So for instance, one of the papers talks about smart management of a building in the University of Groningen in the Netherlands.  Their paper “GreenMind – An Architecture and Realization for Energy Smart Buildings” states in the abstract that existing buildings are responsible for more than 40% of the world’s total primary energy consumption (although that seems a very high proportion?). They go on to say that current management systems fail to reduce unnecessary energy consumption and preserve user comfort at the same time mainly because they are unable to cope with dynamic changes caused by user’s interaction with the environment.  So they created a software architecture for energy smart buildings.  Experimental results carried out in the Bernoulli building, a 12.000 square meter building of the University of Groningen, show that the proposed solutions are able to save up to 56% of electricity used for lighting, at least 20% of electricity used for heating while the savings from controlling workstations as well as other appliances are 33% and 10%, respectively. overall, their solution is expected to save up to 28% of total energy consumption in buildings such as the Bernoulli building.

But what relevance has this to Africa?  Well, I listened to their Eurocentric presentations with an ear for Africa, and I was surprised by what I heard.   In Citizen observatories of water: Social innovation via eParticipation, I heard officials from the Netherlands discuss how difficult it is to get people to report problems.  “Advanced citizen observatories can enable a two-way communication paradigm between citizens and decision makers, potentially resulting in profound changes to existing flood risk management processes”.   That is; they have created community volunteers who are willing to report problems!  This has been a problem in the past for Africa, not because people are unwilling to get involved (as is the case in Europe) but because the distance to report a problem was too far.  A broken handpump may lie idle because the community do not have the bus fare to get to the district to report it.  However this is changing.  There are mobile phones and reporting problems can be just a phone call away.  Africa does not need sophisticated websites to collect data on problems, it needs only a willing ear to listen – ears which can be used in face to face conversation or through a simple phone call.
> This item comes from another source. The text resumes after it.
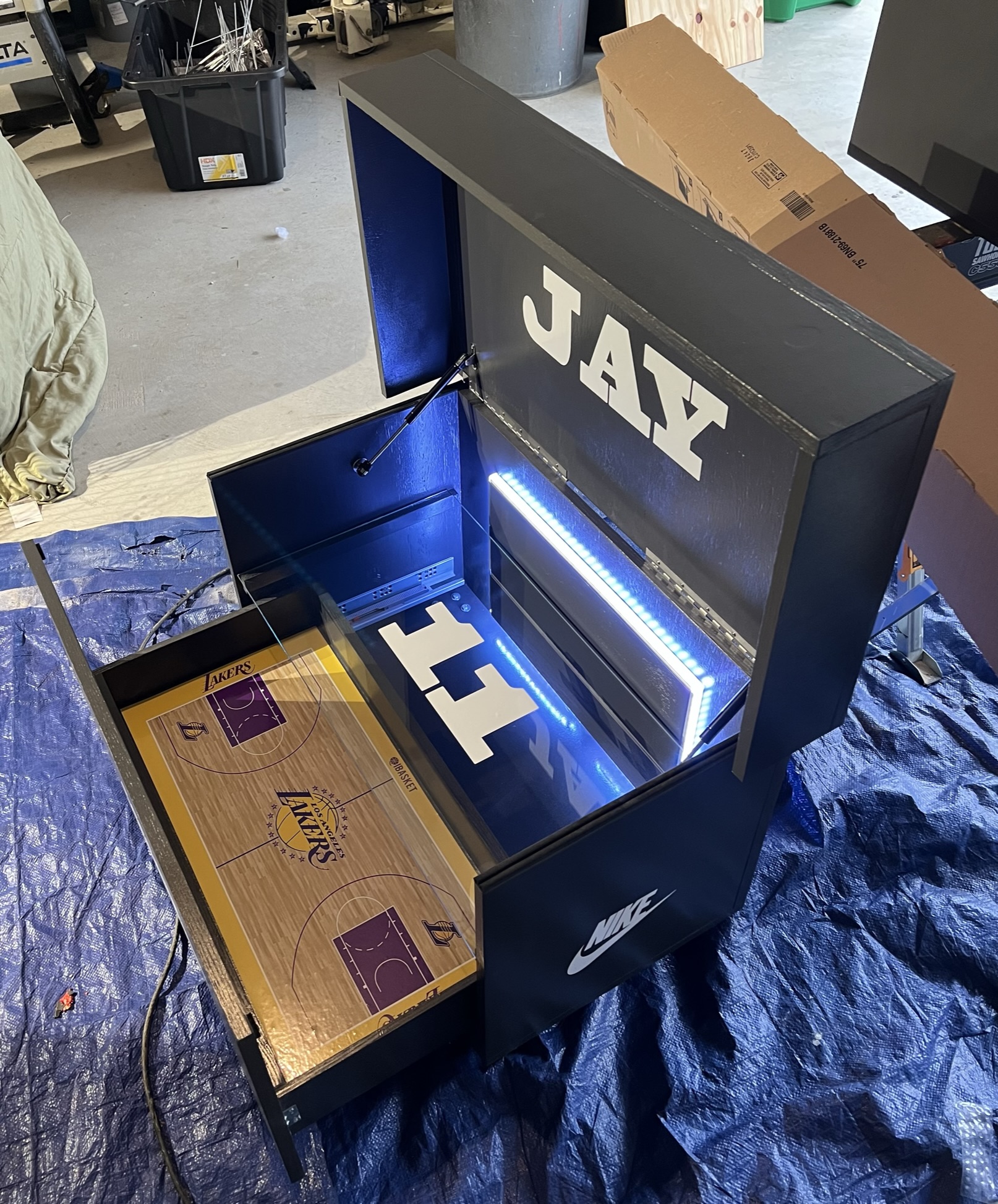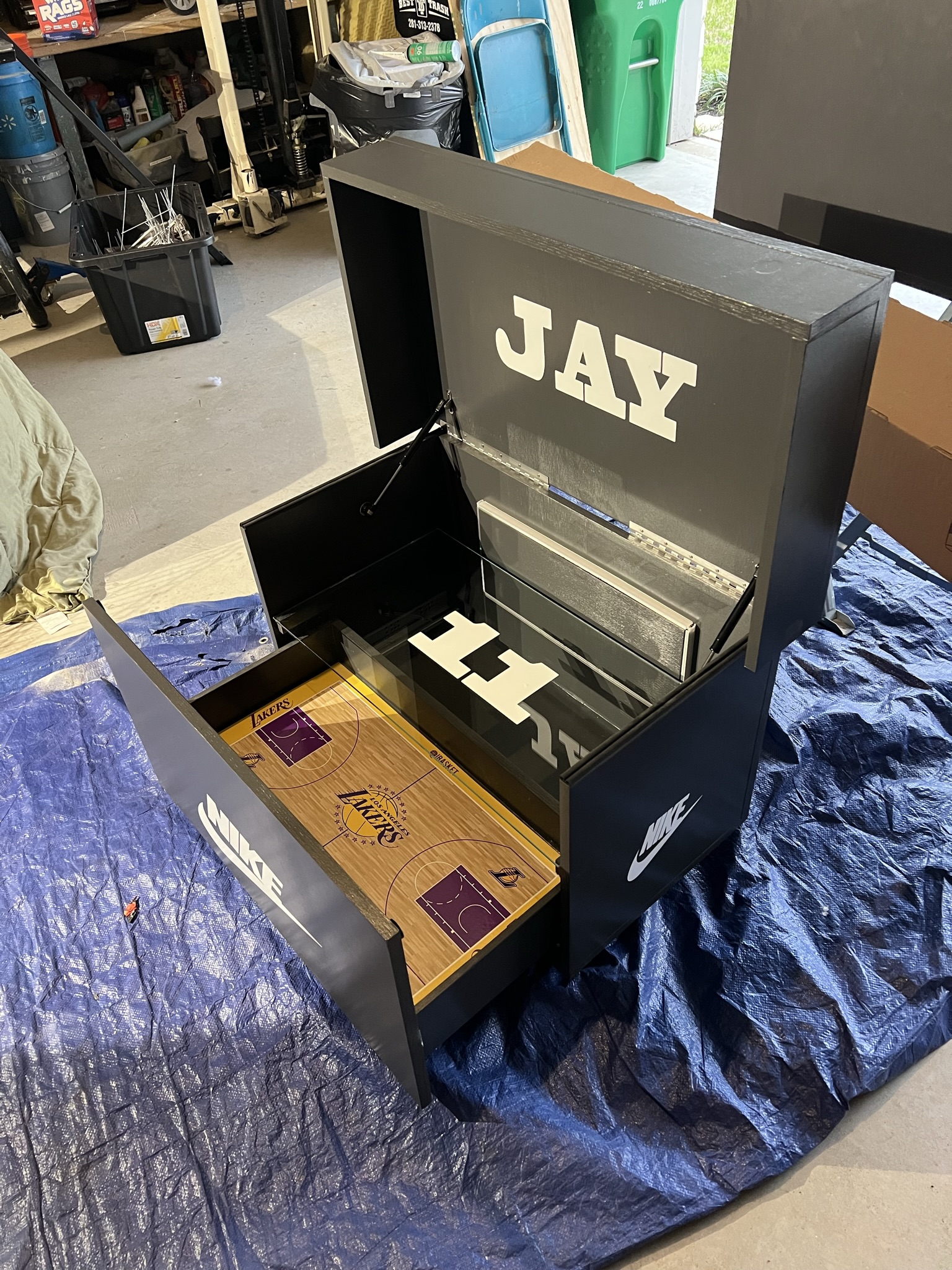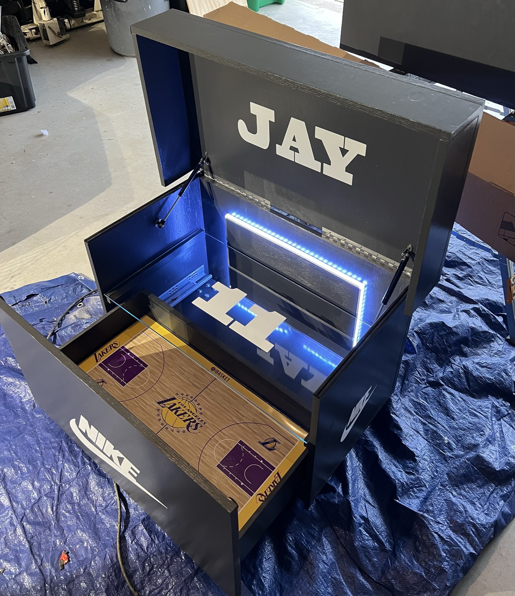 Each one is custom-built in Houston, TX, combining precision woodworking, luxury finishes, and creative freedom. From the sleek matte black exterior to the illuminated interior and court-themed floor, every detail reflects pride, presence, and personal legacy.

As I sat listening to various presentations, looking for the leapfrog technology; I was surprised.  I realised that what Africa had was a leapfrog society.  Citizens who are willing to talk to each other in community, and to engage with officials IF officials are willing to listen.   The matching of mobile phones and a willing society could result in big data that might really help transitions to clean energy.

Compare the Carbon

Simon Batchelor from Gamos writes on carbon dioxide emissions and the “feel” for equivalence in emissions.

I came across a cool tool/website that tries to help us ordinary humans understand what kilograms of Carbon ‘feels’ like. www.carbon.to

I randomly met the creator who told me that it is the result of a ‘hackathon’, a new type of workshop where people (often technically competent students – geeks) come together, think about a problem, and try to come up with a solution to a small part of that problem straight away, within a one or two day workshop.  The problem they discussed was that most people have no ‘feel’ for what generates a kilo of carbon and how many kilos of carbon each action (such as air travel) or device (such as televisions) generates.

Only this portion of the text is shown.